Mason et al. [22] studied tanagers. For the song complexity, a principal component was calculated that included a greater frequency range, a longer song duration, and a larger number of element types. In addition, the duration of the song and the number of element types were again considered separately as part of song complexity. The plumage color was recorded from male tanagers using reflectance spectrophotometry on museum specimens. The obtained reflection spectra were quantified by recording them in an avian tetrahedral color space framework. The avian tetrahedral color space framework is a kind of color diagram that takes into account that birds have four types of retinal cones with different spectral sensitivities [58]. Nine plumage traits were used, such as color span variance of the color volume, a principal component (species occupying greater expenses of tetra color space, showing greater contrast between plumage patches and more saturated colors), the brilliance and the color volume (distribution of plumage patches of the species in avian tetrachromatic color space), to calculate for plumage complexity. Also, a division in plumage based on carotenoids and plumage based on structure was made. This study showed that the relationship between song complexity and plumage coloration differed between the subfamilies. Within the subfamilies Dacninae and Nemosiinae they also found quite strong negative correlations, but the sample sizes were only nine and four, respectively.
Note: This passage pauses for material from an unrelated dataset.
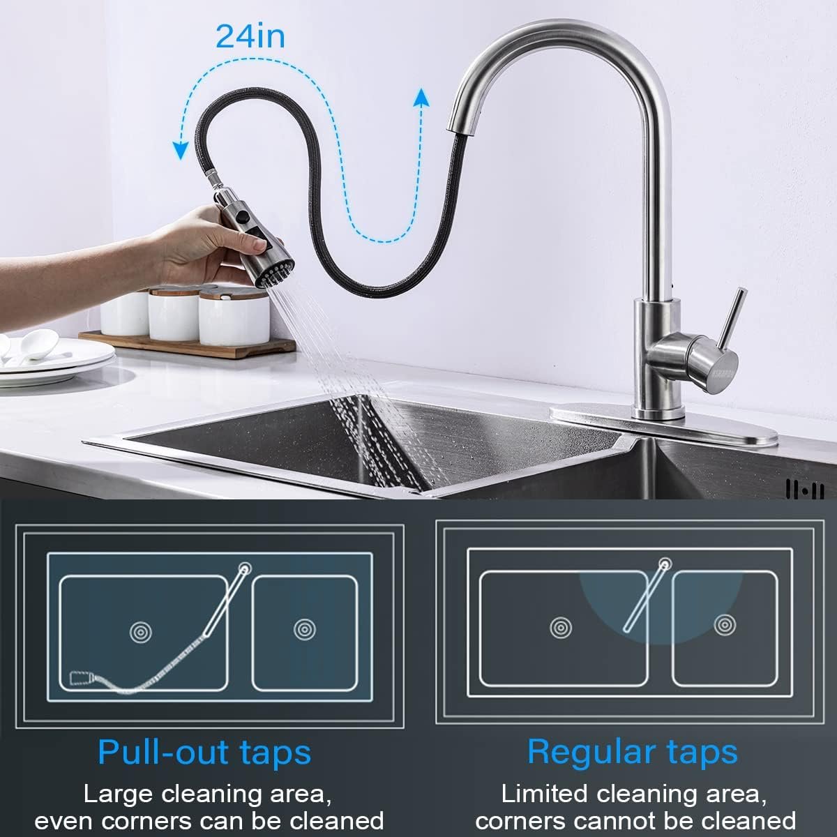 ✔【Ease Of Use】This faucet features single handled control of both water flow and temperature. It is high arched with 360 degrees swiveling. The water faucet hose extends to a full 24” available for outside sink range operation. Very convenient.

Additionally, we found a significant negative relationship between body size and the peak frequencies. This relationship has also been shown in other studies [4,38,59,60,61,62,63,64,65,66]. The reason for this relationship between body size and frequency can be explained in that anatomical factors such as syrinx size, tracheal length, and resonance capacity interact [67]. The larger the syrinx, the larger the bird and the deeper it sings, because the membranes vibrate more slowly [68,69]. Thus, larger parids probably have a larger syrinx and sing deeper than smaller ones.
The correlation of minimum temperature with song complexity and frequency was positive. Higher and more complex frequencies are costly to produce, so the energy of the birds is not put into maintaining body temperature but into singing [6]. This is only possible in warmer regions without disadvantage.
A negative correlation between the minimum precipitation and the peak frequency was found. This could be because higher frequencies are more strongly refracted by objects such as raindrops [70]. As a result, the range of frequencies would not be very high, which might mean that the signal of the song does not reach conspecifics. For this reason, the parids probably sing lower in areas with higher precipitation.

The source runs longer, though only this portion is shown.